Problem details:
An exact copy of the entries is required, excluding any pictures.
○ ○ ○ ○ ○
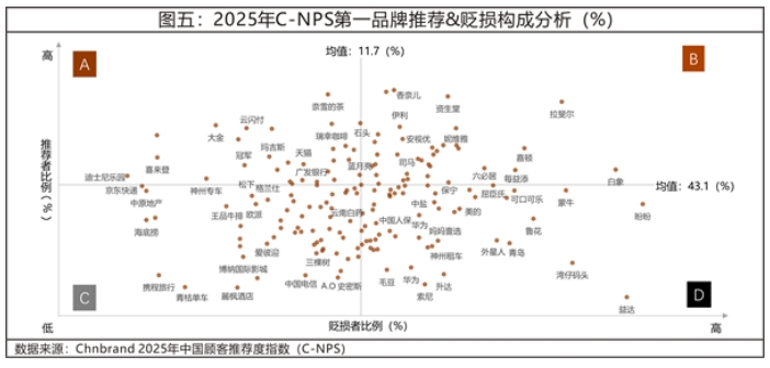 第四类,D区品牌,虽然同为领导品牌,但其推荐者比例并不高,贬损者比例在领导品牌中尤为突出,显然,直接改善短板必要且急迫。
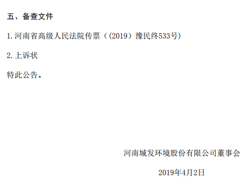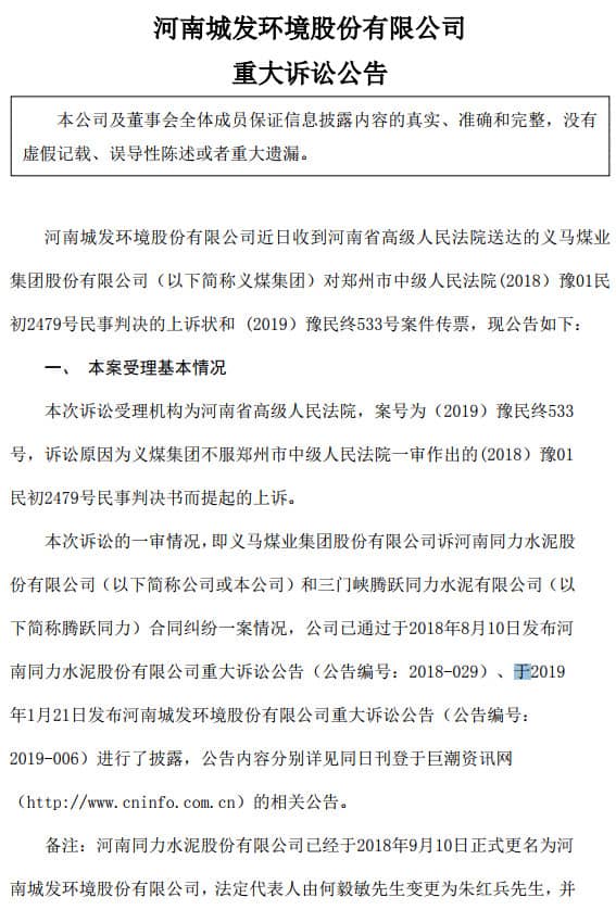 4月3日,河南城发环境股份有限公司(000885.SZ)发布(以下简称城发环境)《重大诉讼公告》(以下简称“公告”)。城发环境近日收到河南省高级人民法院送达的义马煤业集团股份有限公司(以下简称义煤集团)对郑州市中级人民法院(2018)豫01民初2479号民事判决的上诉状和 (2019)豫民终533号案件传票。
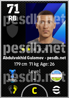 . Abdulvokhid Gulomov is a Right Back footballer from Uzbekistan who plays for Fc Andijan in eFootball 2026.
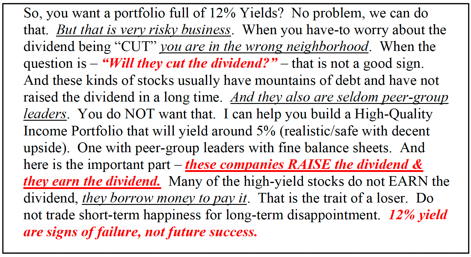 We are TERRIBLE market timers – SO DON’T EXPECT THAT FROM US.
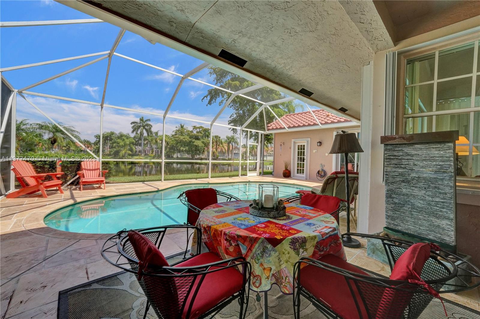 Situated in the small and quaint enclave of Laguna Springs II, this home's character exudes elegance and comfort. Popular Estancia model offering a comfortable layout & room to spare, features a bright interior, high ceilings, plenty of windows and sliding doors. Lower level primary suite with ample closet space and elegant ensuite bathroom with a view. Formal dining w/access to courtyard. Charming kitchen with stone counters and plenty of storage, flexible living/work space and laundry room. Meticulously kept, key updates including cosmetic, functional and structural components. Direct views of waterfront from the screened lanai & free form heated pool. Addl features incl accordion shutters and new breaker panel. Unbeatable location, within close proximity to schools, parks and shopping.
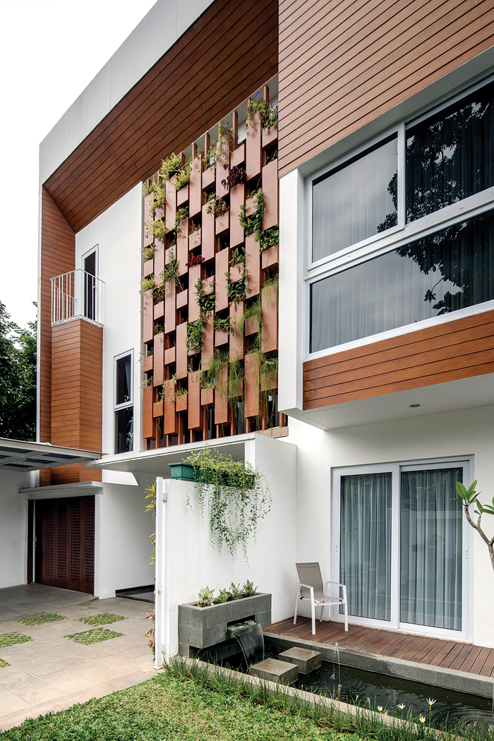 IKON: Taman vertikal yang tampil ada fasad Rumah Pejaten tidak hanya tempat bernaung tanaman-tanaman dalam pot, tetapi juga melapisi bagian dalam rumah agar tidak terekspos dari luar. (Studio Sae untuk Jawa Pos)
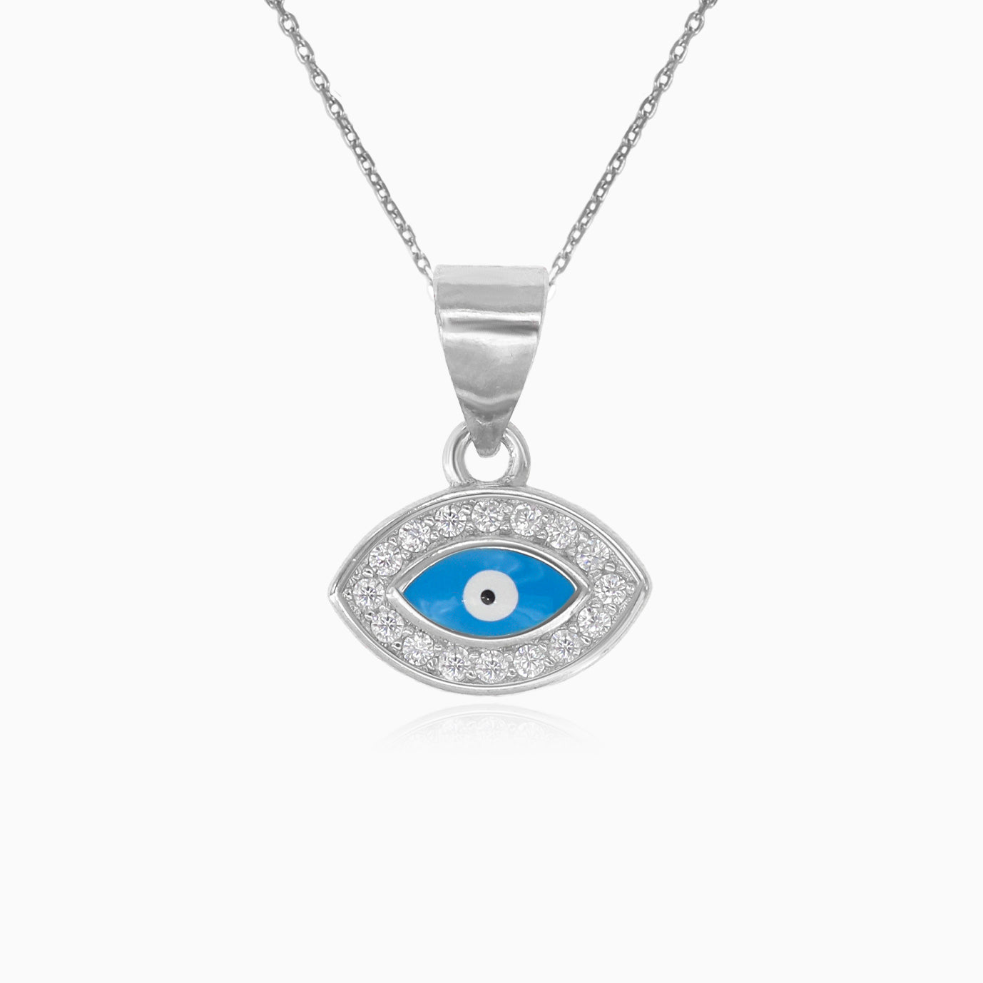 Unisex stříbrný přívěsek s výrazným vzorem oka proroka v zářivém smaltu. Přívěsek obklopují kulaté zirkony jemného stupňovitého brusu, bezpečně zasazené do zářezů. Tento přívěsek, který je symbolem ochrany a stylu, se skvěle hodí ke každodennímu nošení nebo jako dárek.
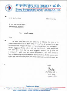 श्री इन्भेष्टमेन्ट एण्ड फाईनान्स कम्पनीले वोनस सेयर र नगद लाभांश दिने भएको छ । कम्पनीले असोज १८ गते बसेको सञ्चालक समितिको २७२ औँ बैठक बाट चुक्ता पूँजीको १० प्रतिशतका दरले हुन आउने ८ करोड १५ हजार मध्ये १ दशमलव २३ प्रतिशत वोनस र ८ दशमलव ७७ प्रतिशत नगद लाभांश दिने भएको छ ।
○ ○ ○ ○ ○
Your response:
 第四类,D区品牌,虽然同为领导品牌,但其推荐者比例并不高,贬损者比例在领导品牌中尤为突出,显然,直接改善短板必要且急迫。
 4月3日,河南城发环境股份有限公司(000885.SZ)发布(以下简称城发环境)《重大诉讼公告》(以下简称“公告”)。城发环境近日收到河南省高级人民法院送达的义马煤业集团股份有限公司(以下简称义煤集团)对郑州市中级人民法院(2018)豫01民初2479号民事判决的上诉状和 (2019)豫民终533号案件传票。
 . Abdulvokhid Gulomov is a Right Back footballer from Uzbekistan who plays for Fc Andijan in eFootball 2026.
 We are TERRIBLE market timers – SO DON’T EXPECT THAT FROM US.
 Situated in the small and quaint enclave of Laguna Springs II, this home's character exudes elegance and comfort. Popular Estancia model offering a comfortable layout & room to spare, features a bright interior, high ceilings, plenty of windows and sliding doors. Lower level primary suite with ample closet space and elegant ensuite bathroom with a view. Formal dining w/access to courtyard. Charming kitchen with stone counters and plenty of storage, flexible living/work space and laundry room. Meticulously kept, key updates including cosmetic, functional and structural components. Direct views of waterfront from the screened lanai & free form heated pool. Addl features incl accordion shutters and new breaker panel. Unbeatable location, within close proximity to schools, parks and shopping.
 IKON: Taman vertikal yang tampil ada fasad Rumah Pejaten tidak hanya tempat bernaung tanaman-tanaman dalam pot, tetapi juga melapisi bagian dalam rumah agar tidak terekspos dari luar. (Studio Sae untuk Jawa Pos)
 Unisex stříbrný přívěsek s výrazným vzorem oka proroka v zářivém smaltu. Přívěsek obklopují kulaté zirkony jemného stupňovitého brusu, bezpečně zasazené do zářezů. Tento přívěsek, který je symbolem ochrany a stylu, se skvěle hodí ke každodennímu nošení nebo jako dárek.
 श्री इन्भेष्टमेन्ट एण्ड फाईनान्स कम्पनीले वोनस सेयर र नगद लाभांश दिने भएको छ । कम्पनीले असोज १८ गते बसेको सञ्चालक समितिको २७२ औँ बैठक बाट चुक्ता पूँजीको १० प्रतिशतका दरले हुन आउने ८ करोड १५ हजार मध्ये १ दशमलव २३ प्रतिशत वोनस र ८ दशमलव ७७ प्रतिशत नगद लाभांश दिने भएको छ ।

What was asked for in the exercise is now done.